Identification of antigenic linear peptides in the soil-transmitted helminth and Schistosoma mansoni proteome.

机构信息

Department of Virology, Parasitology, Immunology and Physiology, Ghent University, Merelbeke, Belgium.
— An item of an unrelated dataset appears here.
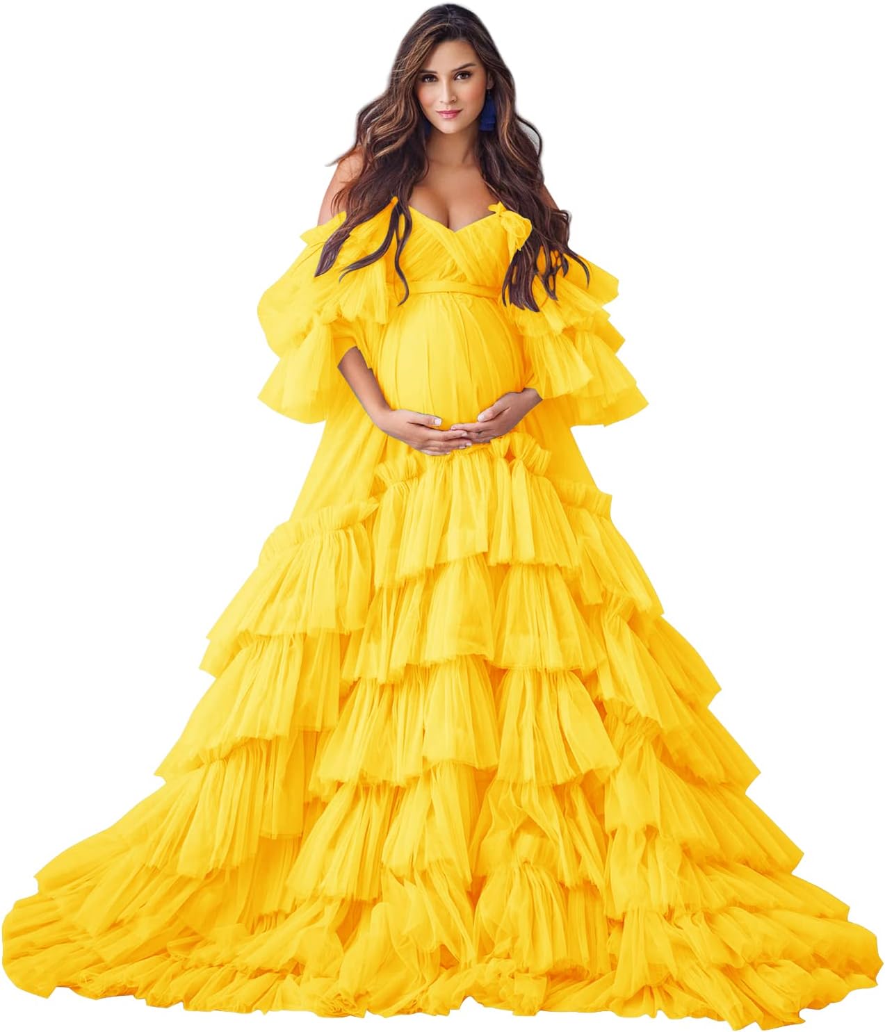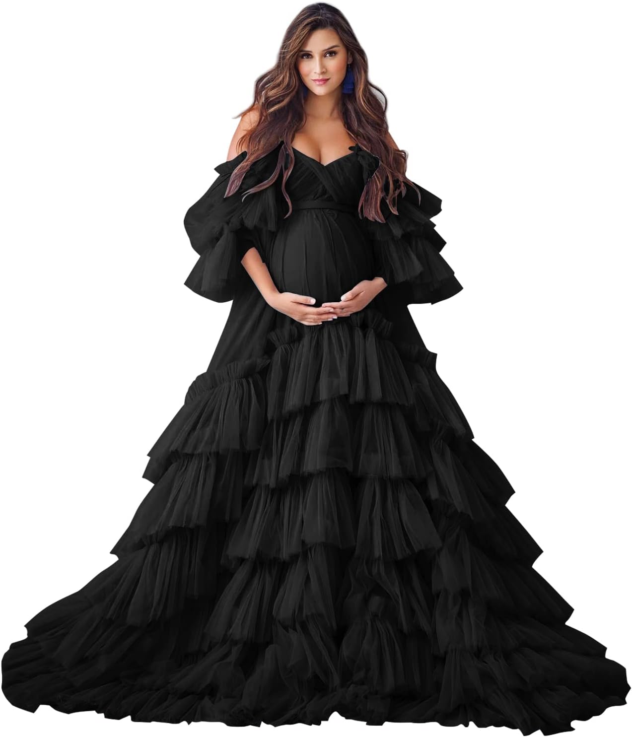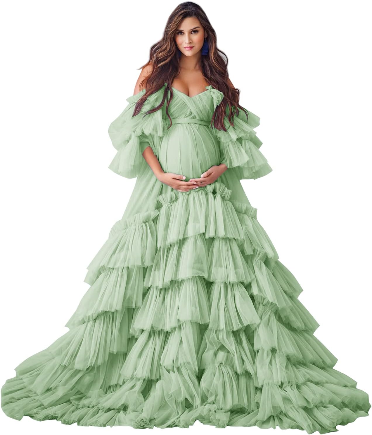 Women's Tulle Maternity Dress for Photoshoot Long Puffy Sleeve Off Shoulder Babyshower Bridal Pregnancy Gowns

Global Public Health R&D, Janssen Pharmaceutica NV, Beerse, Belgium.

出版信息

PLoS Negl Trop Dis. 2021 Apr 28;15(4):e0009369. doi: 10.1371/journal.pntd.0009369. eCollection 2021 Apr.

Abstract

The scientific community identified non stool-based biomarkers as the way forward to support soil-transmitted helminth (STH; Ascaris lumbricoides, Trichuris trichiura and the hookworms Ancylostoma duodenale and Necator americanus) and schistosome (S. mansoni and S. haematobium) deworming programs. This support is needed in making the decision of whether or not to stop preventive chemotherapy intervention efforts and to ultimately transition towards a post-intervention surveillance phase. We applied a two-step micro-array approach to identify antigenic linear epitopes in the STH and S. mansoni proteomes. In a first experiment, we identified antigenic peptides by applying sera from 24 STH and/or S. mansoni infected Ethiopian children on a high-density peptide microarray containing 3.3 million peptides derived from the complete STH and S. mansoni proteomes. A second array experiment with 170,185 peptides that were recognized in the first array was designed to identify non-specific antibody reactivity by applying sera from 24 healthy individuals from Belgium (a non-endemic country). From this array testing cascade, several peptides were identified for STH but none of them appeared to be unique for one species. We therefore concluded that for STH, none of the peptides revealed to be sufficiently sensitive or species specific. For S. mansoni, some promising peptides were identified prompting future investigation. Based on these results, it is unlikely that linear epitopes would be highly useful in detecting species-specific antibody responses to STH in endemic communities. For S. mansoni, one particular peptide of the micro-exon gene 12 (MEG-12) protein deserves further research. In addition, this study emphasizes the need of well-characterized biobanks for biomarker discovery, particularly when the integration of multiple disease programs is envisioned.

摘要

科学界已将非粪便生物标志物确认为支持土源性蠕虫(STH;蛔虫、鞭虫和十二指肠钩虫和美洲板口线虫)和血吸虫(曼氏血吸虫和埃及血吸虫)驱虫方案的未来方向。这是在决定是否停止预防性化疗干预措施以及最终过渡到干预后监测阶段时所必需的支持。我们应用两步微阵列方法来鉴定 STH 和 S. mansoni 蛋白质组中的抗原线性表位。在第一个实验中,我们通过应用来自 24 名 STH 和/或 S. mansoni 感染的埃塞俄比亚儿童的血清,在包含源自完整 STH 和 S. mansoni 蛋白质组的 330 万个肽的高密度肽微阵列上鉴定抗原肽。第二个阵列实验设计了 170,185 个肽,这些肽在第一个阵列中被识别出来,目的是通过应用来自比利时(非流行国家)的 24 名健康个体的血清来鉴定非特异性抗体反应。通过这个阵列测试级联,鉴定了一些用于 STH 的肽,但没有一个肽似乎是一种物种所特有的。因此,我们得出结论,对于 STH,没有一个肽被证明具有足够的敏感性或物种特异性。对于 S. mansoni,鉴定出了一些有前途的肽,这促使进一步研究。基于这些结果,线性表位不太可能在检测流行地区社区中针对 STH 的物种特异性抗体反应方面非常有用。对于 S. mansoni,微外显子基因 12(MEG-12)蛋白的一个特殊肽值得进一步研究。此外,这项研究强调了需要有特征明确的生物库来进行生物标志物发现,特别是当设想整合多个疾病项目时。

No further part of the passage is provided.